Task: With the exception of the pictures, write out the data below precisely.

[Extracted data entries]
___

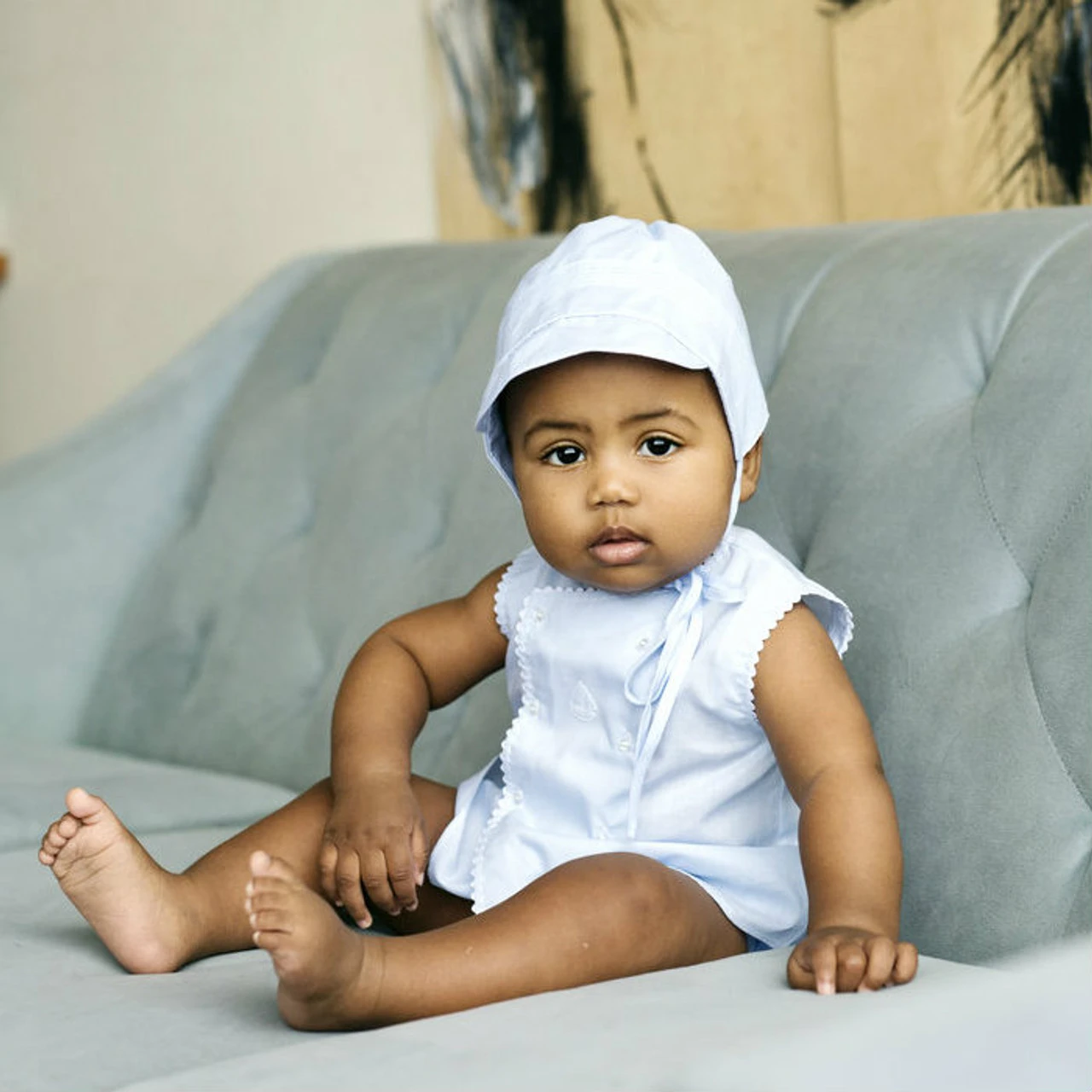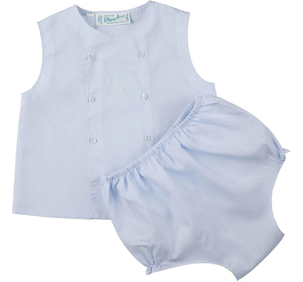 Who doesn’t love sweet, nautical themed baby clothing? This adorable and classy diaper set is just right for your little boy! Features blue and white contrasting colors, with stitching at the edges and a shadow stitch embroidered sail boat in the middle. Two rows of sweet mother of pearl buttons go down the front for a classy, understated look. An eye catching diaper set for your loved one, made with the heirloom quality you’ve come to expect from Feltman Brothers.
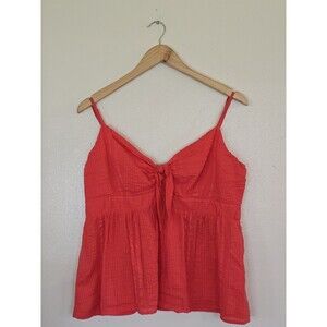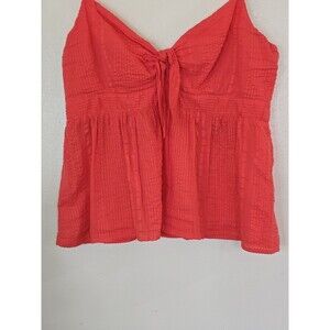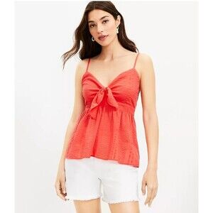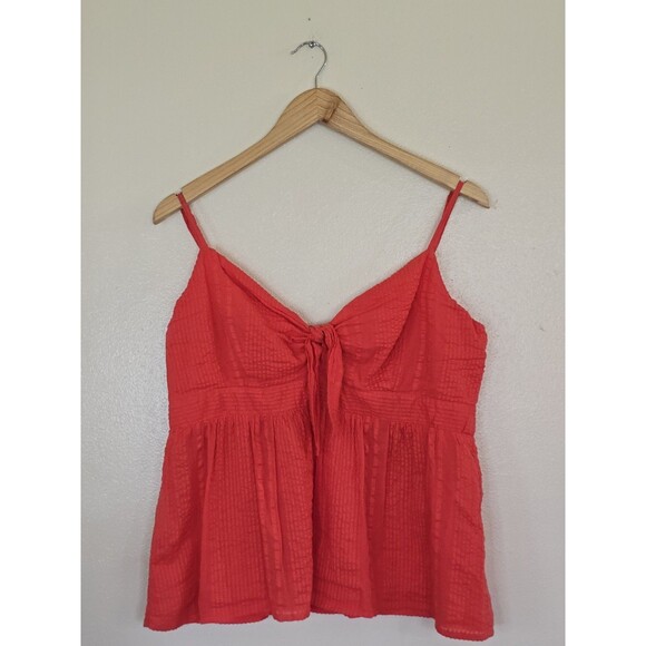 Loft Womens Medium Coral Red Tie Front V Neck Cami Tank Top Blouse Flowy Swing
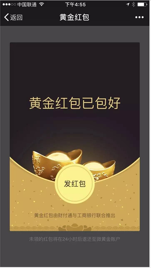 2、黃金紅包是基于財(cái)付通與工商銀行聯(lián)合推出的【騰訊微黃金】在線黃金交易創(chuàng)新產(chǎn)品基礎(chǔ)上的娛樂化紅包產(chǎn)品,目前仍處于內(nèi)測(cè)期,其入口設(shè)在【騰訊微黃金】微信公眾號(hào)中,產(chǎn)品的功能及體驗(yàn)也在逐步完善中。
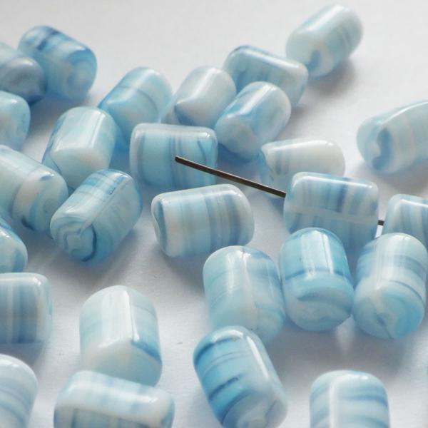 格安 ミリアムハスケルヴィンテージビーズ ブルーXホワイトマットプレスビーズ レアな円筒型 7x5mm 30個 1セットを送料無料でクリックポストでお送りします。
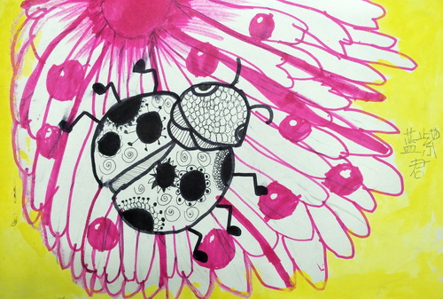 《粉花上的七星瓢虫》
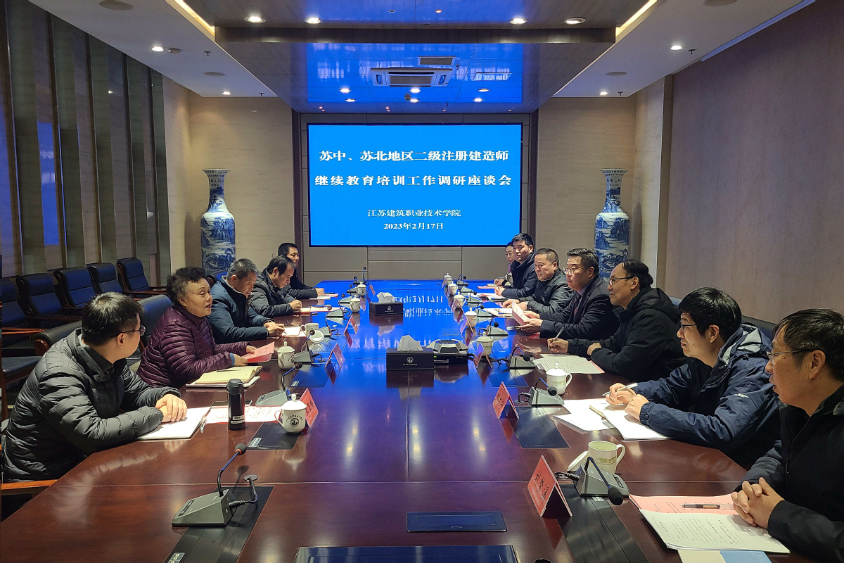 2月17日上午,苏中、苏北地区(徐州)二级注册建造师继续教育培训工作调研座谈会在我校召开。江苏省住房和城乡建设厅建筑市场监管处二级调研员房福亮,江苏省建设教育协会理事长丁舜祥、副秘书长成宁,徐州工程学院、宿迁市广播电视大学等院校代表,我校副校长刘海波、各相关单位负责人及教师代表等参加座谈。

___

Solution to this problem:
 Who doesn’t love sweet, nautical themed baby clothing? This adorable and classy diaper set is just right for your little boy! Features blue and white contrasting colors, with stitching at the edges and a shadow stitch embroidered sail boat in the middle. Two rows of sweet mother of pearl buttons go down the front for a classy, understated look. An eye catching diaper set for your loved one, made with the heirloom quality you’ve come to expect from Feltman Brothers.
 Loft Womens Medium Coral Red Tie Front V Neck Cami Tank Top Blouse Flowy Swing
 2、黃金紅包是基于財(cái)付通與工商銀行聯(lián)合推出的【騰訊微黃金】在線黃金交易創(chuàng)新產(chǎn)品基礎(chǔ)上的娛樂化紅包產(chǎn)品,目前仍處于內(nèi)測(cè)期,其入口設(shè)在【騰訊微黃金】微信公眾號(hào)中,產(chǎn)品的功能及體驗(yàn)也在逐步完善中。
 格安 ミリアムハスケルヴィンテージビーズ ブルーXホワイトマットプレスビーズ レアな円筒型 7x5mm 30個 1セットを送料無料でクリックポストでお送りします。
 《粉花上的七星瓢虫》
 2月17日上午,苏中、苏北地区(徐州)二级注册建造师继续教育培训工作调研座谈会在我校召开。江苏省住房和城乡建设厅建筑市场监管处二级调研员房福亮,江苏省建设教育协会理事长丁舜祥、副秘书长成宁,徐州工程学院、宿迁市广播电视大学等院校代表,我校副校长刘海波、各相关单位负责人及教师代表等参加座谈。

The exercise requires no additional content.